Tuesday, October 7, 2014

Week 18


And that finishes week 18 and the end of my 3rd change here in Perú. Also, I just passed the 4 month mark, which means I am officially 1/6th of the way done, with only 20 months remaining.

That's enough numbers for now. Yesterday, my companion, trainer, and padre, Elder Fernandez, left our area to head to the mission home after serving for over 25 months. He heads home around 5p tonight and will arrive back in Bolivia tomorrow at 2am.

It has been a very interesting 12 weeks with him. As trainer, he helped me learn all of the ins and outs of mission life and helped me get accustomed to this new experience that I will go through for another 20 months. He was a great guy and although he was a little lazy, he helped me greatly learn how to best teach all of our investigators and less-active members, and I wish him luck in his studies, and in the rest of his life.

So this week was a lot of fun. We had a few activities as a branch for my companion heading home, including a beach party on Wednesday that was a lot of fun. We had a great lunch cooked by some of the members, we played some volleyball which is a really common sport here, we burried a few people in sand, and had a few sand fights. You know, your typical beach party. It made me feel at home.

Other than that, we had a farewell activity on Saturday, where all of the members got to share their testimonies and thank Elder Fernandez for all of his work.

Because my companion left on Sunday, and I don't get a new one until Tuesday morning, I am currently staying in the zone leader's house and I get to spend some time with them. Yesterday, they called and announced who all of the new companions would be, and I found out that I would get to be with Elder Cuevas. I don't know much else other than his name, but from the other missionaries, they have told me that he's a clown, so we'll see how that's going to go.

Oh also, yesterday (October 5th) was the huge election day for all of Perú, so the past few weeks have been locaso with all of the political parties' campain songs and parades. It is nothing like I had ever seen in the States. Also, there is a law throughout all of Perú that says no one can have any type of meetings within 24 hours of elections to prevent people from voting in huge groups and forcing people to vote for a specific person. Because of this, we couldn't broadcast the church's General Conference, and we will end up watching it this Saturday and Sunday in our area's stake center.

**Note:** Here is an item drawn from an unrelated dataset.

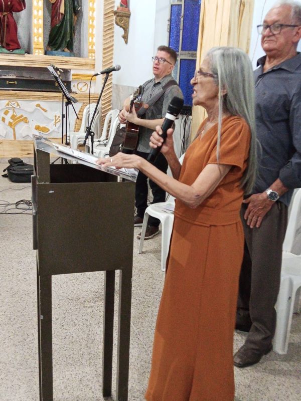 Ao final da missa uma neta fez uma mensagem de gratidão e reconhecimento de vida da avô e família. Padre Francisco José fez sua homenagem e convidou a todos para cantarem os parabéns para Sra. Maria de Loudes.

Q: Are the people nice in Peru?
A: So the people here in Perú are way nicer than they are in the States (everyone refers to eachother as brother and sister on a regular basis) so we are entered into their houses relatively easily. Also Peruvians treat guests great, like they give them the best seats in the house, and they love to leave us with fruits like apples and mandarin oranges.

Q: What is the best thing you could focus on to prepare for a mission?
A: Something that would have helped me a lot would be learning how to recognize the Spirit. They way that missionaries teach is way different than it has been. Everything we do is based upon the Spirit. This has honestly been the hardest thing for me to do while I've been here. Learning the language and the doctrine is the easy stuff. Figuring out what and how to teach is difficult. If there's a way to get everyone to learn how to recognize the Spirit, it will help them greatly on their missions.

Well this week was really eventful and I don't have time to get to all of the details, so I am going to end this email here, and I'll talk back soon!